Japon Bilim İnsanlarından Çığır Açan Çalışma...
Bilim dünyasında kanserle mücadeleye yönelik umut verici bir gelişme Japonya’dan geldi. Japon ağaç kurbağasının bağırsak bakterileri üzerine yapılan kapsamlı bir araştırmada, tümörleri yok edebilen yeni bir biyolojik yöntem keşfedildi. Japonya İleri Bilim ve Teknoloji Enstitüsü’nden bilim insanları, sürüngen ve amfibilerin kansere nadiren yakalanmasından yola çıkarak bu canlıların bağırsak mikrobiyotasını mercek altına aldı. Kurbağa, semender ve kertenkelelerden elde edilen toplam 45 farklı bakteri suşu üzerinde yapılan deneylerde, dokuz bakterinin tümörlerle mücadele potansiyeline sahip olduğu belirlendi. En dikkat çekici sonuç ise Japon ağaç kurbağasından (Dryophytes japonicus) izole edilen “Ewingella americana” adlı bakteriyle elde edildi. Fareler üzerinde yapılan deneylerde, bu bakterinin tek dozluk uygulamasının tümörleri tamamen ortadan kaldırdığı ve herhangi bir ciddi yan etkiye yol açmadığı gözlemlendi.

Araştırmanın dikkat çeken bir diğer bulgusu ise bakterinin uzun vadeli etkisi oldu. Tedaviden 30 gün sonra farelere yeniden kanser hücreleri enjekte edilmesine rağmen, yeni tümör oluşumuna rastlanmadı. Bu durum, bakterinin bağışıklık sistemi üzerinde kalıcı bir etki yaratarak adeta bir “bağışıklık hafızası” oluşturduğunu ortaya koydu. Hakemli bilimsel dergi Gut Microbes’ta yayımlanan çalışmada, E. americana’nın kansere karşı çift yönlü bir mekanizmayla etki gösterdiği belirtildi. Bakterinin bir yandan doğrudan tümör dokusuna saldırdığı, diğer yandan ise T hücreleri, B hücreleri ve nötrofiller gibi bağışıklık hücrelerini aktive ederek vücudun savunma sistemini güçlendirdiği ifade edildi. Özellikle kemoterapinin etkisiz kaldığı düşük oksijenli tümör ortamlarında yaşayabilmesi, bakterinin etkinliğini artıran önemli bir unsur olarak değerlendirildi.

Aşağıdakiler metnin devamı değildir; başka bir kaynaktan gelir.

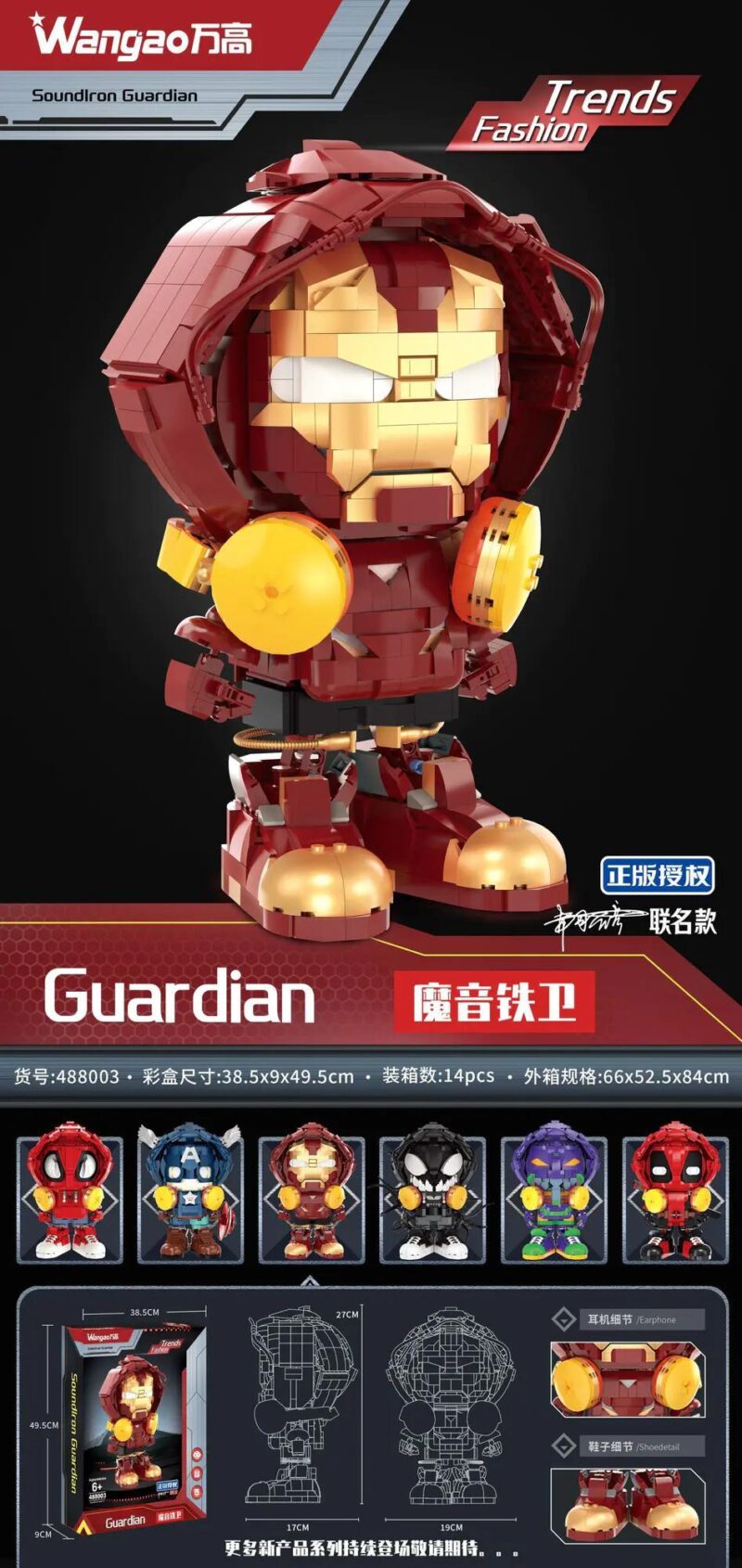 Bộ lắp ghép Guardian Wangao 488003 cho phép bé lắp ráp thành mô hình Guardian phiên bản chibi, và có khả năng biến hình để tạo ra nhiều nhân vật siêu anh hùng khác như Iron Man, Captain America, Venom, Iron Man Mark 85, tùy thuộc vào sự sáng tạo của bé.

Araştırmacılar, E. americana’nın yaygın olarak kullanılan kemoterapi ilaçlarından, doxorubicin dâhil olmak üzere, daha başarılı sonuçlar verdiğini ve kanda hızla temizlenerek sağlıklı dokulara zarar vermediğini belirtti. Güvenli bir profil sergilediği vurgulanan bu bakteriyle ilgili bulgular, biyolojik çeşitliliğin korunmasının yalnızca ekolojik değil, aynı zamanda tıbbi açıdan da hayati öneme sahip olduğunu bir kez daha ortaya koydu. Çalışmanın, gelecekte kanser tedavisinde yeni ve daha etkili biyolojik yaklaşımların geliştirilmesine kapı aralayabileceği ifade ediliyor.